Roche nabs a priority review for Evrysdi, hoping to become the first oral treatment for infants with SMA
Roche has been duking it out with Biogen and Novartis ever since bursting into the spinal muscular atrophy space about a year and a half ago with its competitively priced oral treatment Evrysdi. Now the pharma giant is looking to stake its claim in a younger subset of patients — and the FDA has agreed to give it a speedy review.
Regulators have granted priority review to a supplemental NDA for Evrysdi (risdiplam) to treat pre-symptomatic babies under 2 months old with SMA. While the drug is currently approved for adults, children and babies older than 2 months, a new approval here would make it the first at-home treatment available for younger infants. A decision is expected by May 30, according to Roche.
“Treating very young babies with Evrysdi before SMA symptoms arise may help them to achieve milestones such as standing and walking within timeframes typical of healthy infants,” CMO Levi Garraway said in a statement.
Evrysdi — licensed by Roche from PTC Therapeutics — is designed to treat SMA by modifying how the SMN2 gene is spliced, thus increasing functional SMN protein levels in both the central nervous system and peripheral tissues. SMN protein is critical for maintaining healthy motor neurons and movement.
The drug got a quick OK back in 2020, becoming the first oral treatment for SMA. Analysts penciled in a peak sales estimate of around $2 billion. Its competitors, Biogen’s Spinraza and Novartis’ Zolgensma, are administered by injection to the spinal cord and IV infusion, respectively.
“I think that that’s really important. One, just in general, saving people the inconvenience of going to a hospital. I think most people would much rather take something by mouth than have a procedure done, and probably even more important in COVID,” PTC COO Matthew Klein told Endpoints News. “I think people are really not wanting to… leave home, let alone go to medical facilities.”

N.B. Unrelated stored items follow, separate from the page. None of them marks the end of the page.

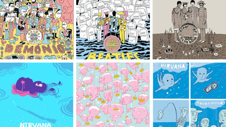 Ilustradores melómanos interpretan las portadas de discos más icónicas de la música pop, de Nirvana a The Beatles.
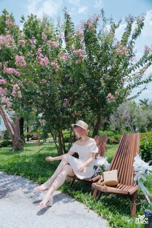 ▲成美文化園推出紫薇花季節限定活動,打造浪漫網美風場景供遊客拍照
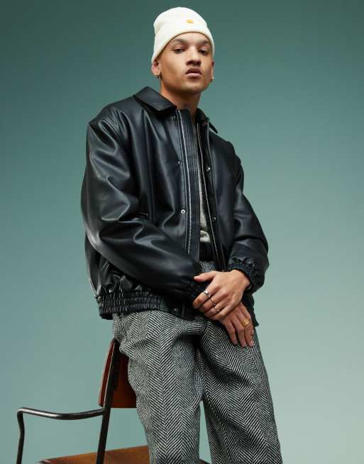 ASOS DESIGN – Wattierte Harrington-Jacke aus Kunstleder in Schwarz mit Oversize-Passform
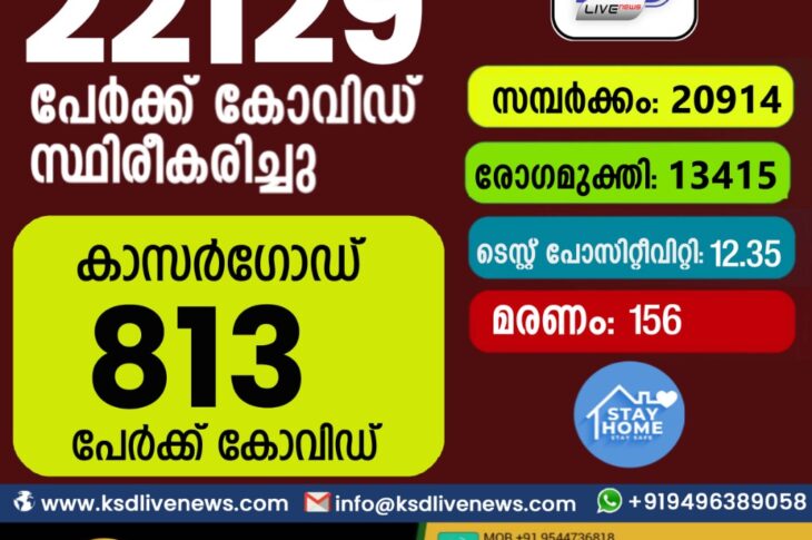 കേരളംകോവിഡ് 19 കോവിഡിൽ വിറച്ച് കേരളം; സംസ്ഥാനത്ത് ഇന്ന് 22129 പേർക്ക് കോവിഡ് സ്ഥിരീകരിച്ചു. സമ്പർക്കം വഴി 20914 പേർക്കും ; ആശ്വാസമായി 13415 പേർക്ക് രോഗ മുക്തിയും ; കാസർഗോഡ് ജില്ലയിൽ 813 പേർക്ക് പുതിയ കോവിഡ് കേസുകൾ ; മരണം 156July 27, 2021
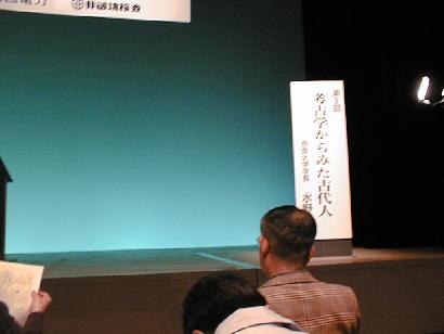 考古学会の講談師、水野学長を待つ聴衆。今回は若い歴史ファンも大勢いた。マスコミの力はすごい。
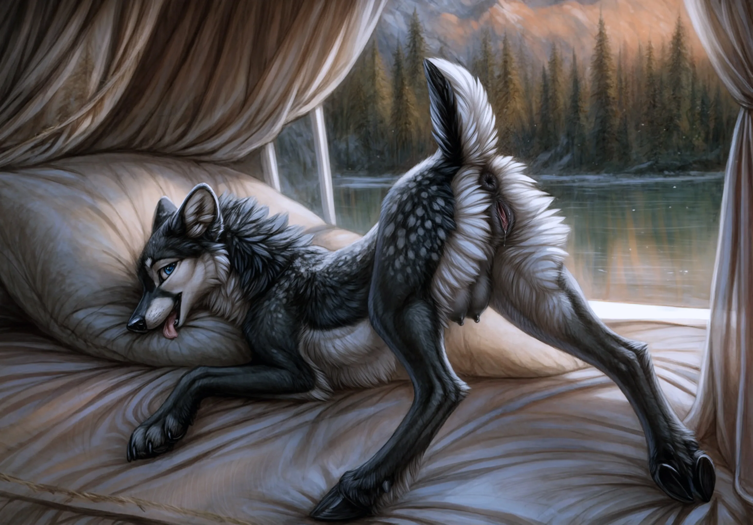 Spotted Wolf-Deer Hybrid Presenting Dripping Wet Pussy On Bed By Woodl | Yiff Party
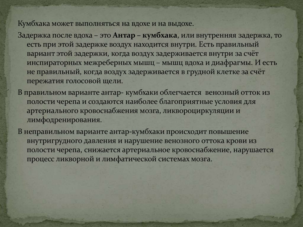 В правильном варианте антар- кумбхаки облегчается венозный отток из

At an interim analysis in the RAINBOWFISH study, all five patients under 2 months old maintained the ability to swallow and were able to feed exclusively by mouth after 12 months of treatment, according to Roche. Four of those five patients achieved milestones such as standing and walking independently, and all met the HINE-2 motor milestones of head control, sitting upright, rolling and crawling after 12 months.
The drug appeared safe, with no treatment-related serious events reported in any of the babies. Four treatment-emergent side effects were reported out of 12 babies, all of which were resolved or resolving with ongoing Evrysdi treatment. The most common side effects were nasal congestion (33%), cough (25%), teething (25%), vomiting (25%), eczema (17%), abdominal pain (17%), diarrhea (17%), gastroenteritis (17%), papule (17%) and pyrexia (17%).
“The AEs were reflective of the age of the babies rather than the underlying SMA,” Roche said.
From the start, Roche promised to “underwhelm” with Evrysdi’s price compared to competitors. The pharma giant set the price on a scale based on a child’s weight, maxing out when they reach 44 lbs at about 6 years of age. For example, for an infant who weighs 15 lbs and is less than 2 years old, the annual price of Evrysdi would be less than $100,000, a spokesperson told Endpoints.
Meanwhile, Zolgensma has earned the notorious title of the most expensive drug in the world at $2.1 million per patient, and back in 2020, Spinraza cost between $625,000 and $750,000 for the first year and around $375,000 every year after.
Evrysdi’s lower price hasn’t stopped it from reeling in mammoth sales. In Q3 of 2021, the drug netted around $429 million, compared to Zolgensma’s $375 million and Spinraza’s $444 million. Spinraza’s Q3 sales decreased from $494 million in Q3 of 2020, which Biogen attributed to growing competition and the impacts of Covid-19.
Roche shelled out $30 million upfront for the rights to Evrysdi back in 2011, promising up to $460 million in biobucks and up to double-digit royalties on commercial sales. PTC raked in $35 million in milestone payments in Q3 of 2020 and $7.5 million in Q4, according to the company’s year-end report. The drug is currently approved in 70 countries and has been submitted for approval in 31 more.